### Provided entries:
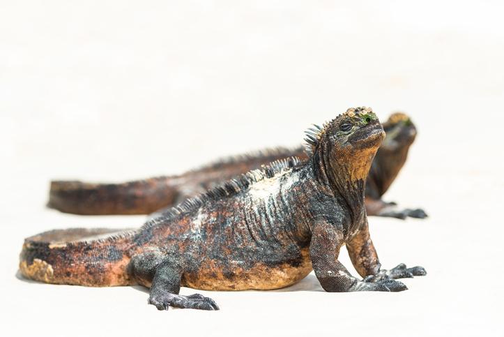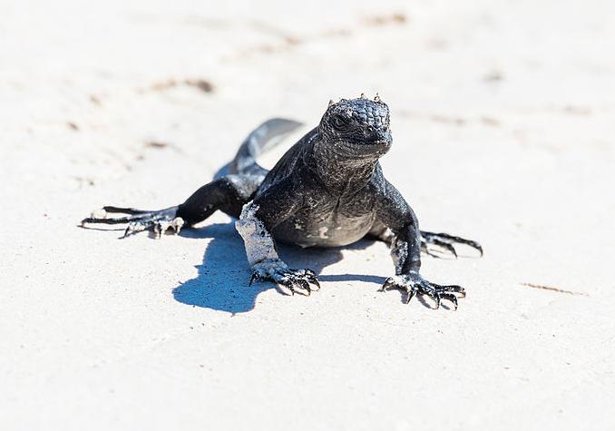 La iguana marina es uno de los vertebrados más llamativos del archipiélago, y no suele ser tan esquiva como su pariente la iguana terrestre (Conolophus subcristatus), la cual también es endémica de las islas Galápagos. El eficiente desarrollo morfológico de Amblyrhynchus cristatus le permite tener acceso a los diversos espacios en los que acostumbra a estar dentro del hábitat y, además, a su distintiva manera de obtener el alimento.
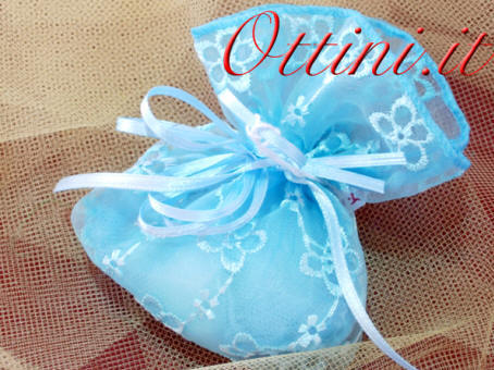 Sacchettino in finissima organza ricamata colore azzurro, con nastrini in doppio raso. La dimensione finita del prodotto è contenuta, ma al tempo stesso molto appagante in termini qualitativi.
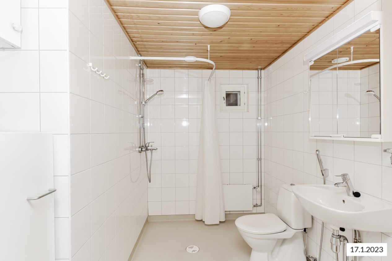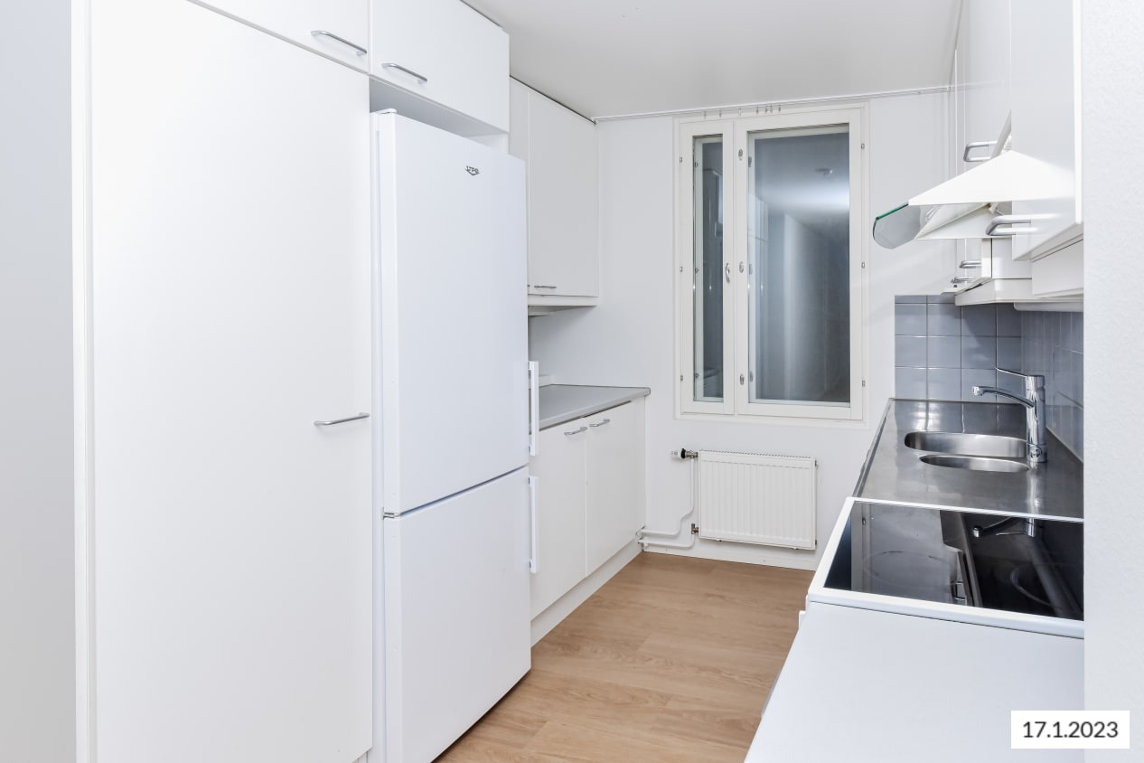 Keittiössä on jääkaappipakastin, lattiauuni ja perinteinen liesi. Tilavassa laatoitetussa kylpyhuoneessa on pesukonetta varten paikka ja liitännät. Olisiko tämä uusi vuokrakotisi?
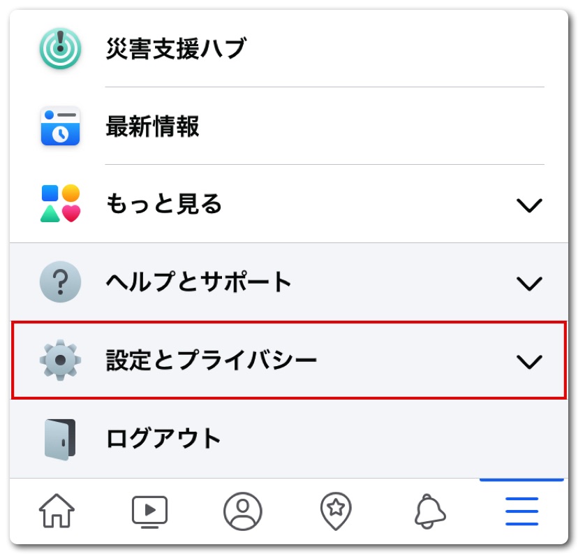 下にスクロールして「設定とプライバシー」の「設定」をタップ
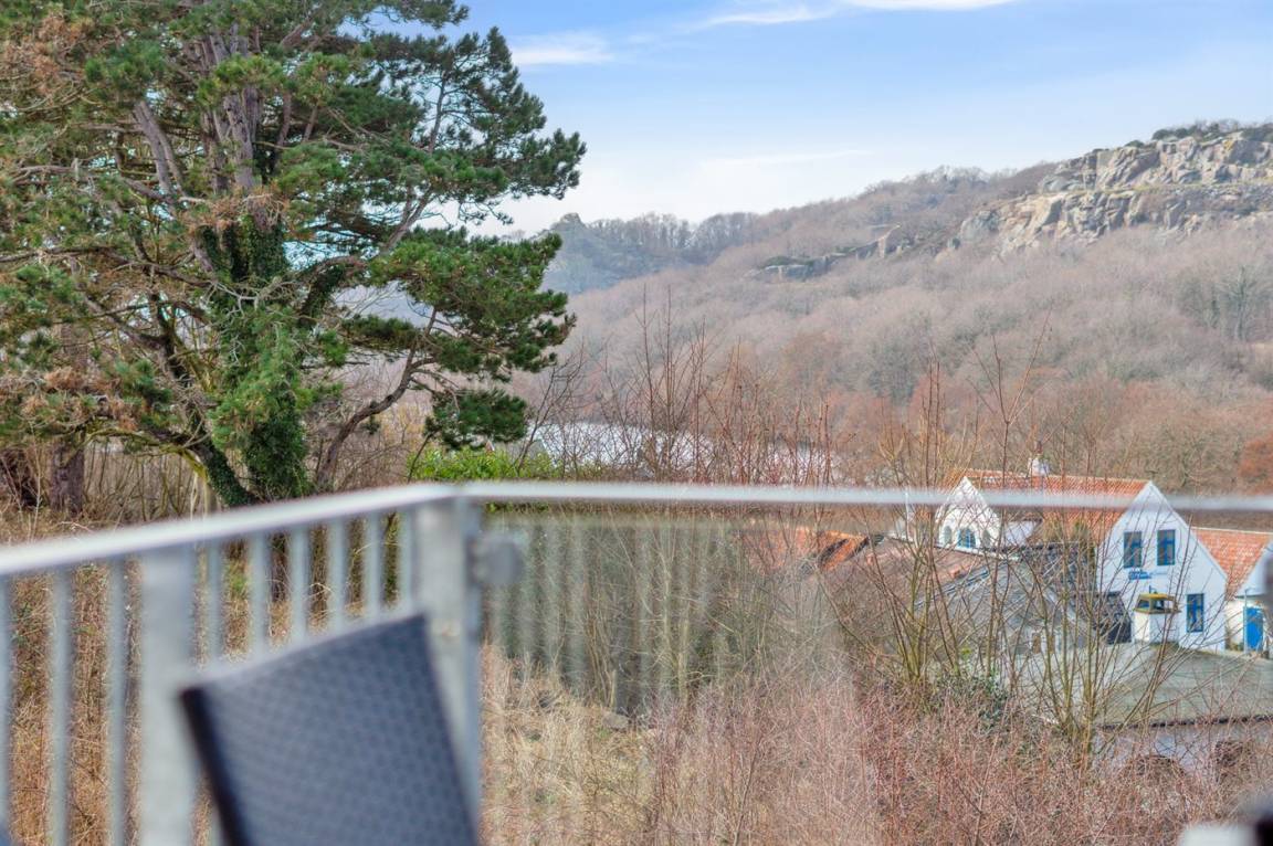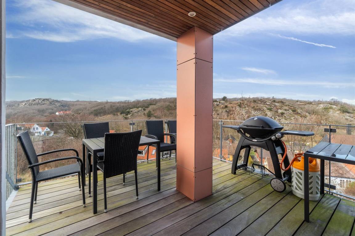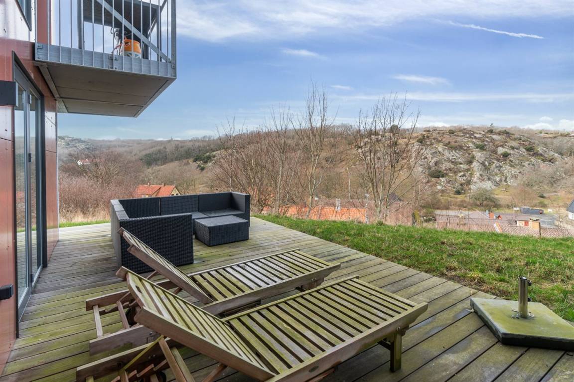 Das Ferienhaus wurde auf einem abfallenden Grundstück gebaut, und beim Betreten des Hauses und Hinabgehen befindet man sich dennoch auf der Höhe der erhöhten Terrasse. Wenn man hingegen nach oben geht, hat man die Möglichkeit, auf die überdachte Terrasse zu treten. Beide Terrassen bieten eine fantastische Aussicht. Der Morgenkaffee kann besonders gut auf der Terrasse beim Eingang genossen werden.

### Problem description:
Nothing but the lines from the one holding "下にスクロールして「設定とプライバシー」の「設定」をタップ" to the end of the entries above should be echoed, exactly and with both ends included; omit the pictures.

### Answer box:
 下にスクロールして「設定とプライバシー」の「設定」をタップ
 Das Ferienhaus wurde auf einem abfallenden Grundstück gebaut, und beim Betreten des Hauses und Hinabgehen befindet man sich dennoch auf der Höhe der erhöhten Terrasse. Wenn man hingegen nach oben geht, hat man die Möglichkeit, auf die überdachte Terrasse zu treten. Beide Terrassen bieten eine fantastische Aussicht. Der Morgenkaffee kann besonders gut auf der Terrasse beim Eingang genossen werden.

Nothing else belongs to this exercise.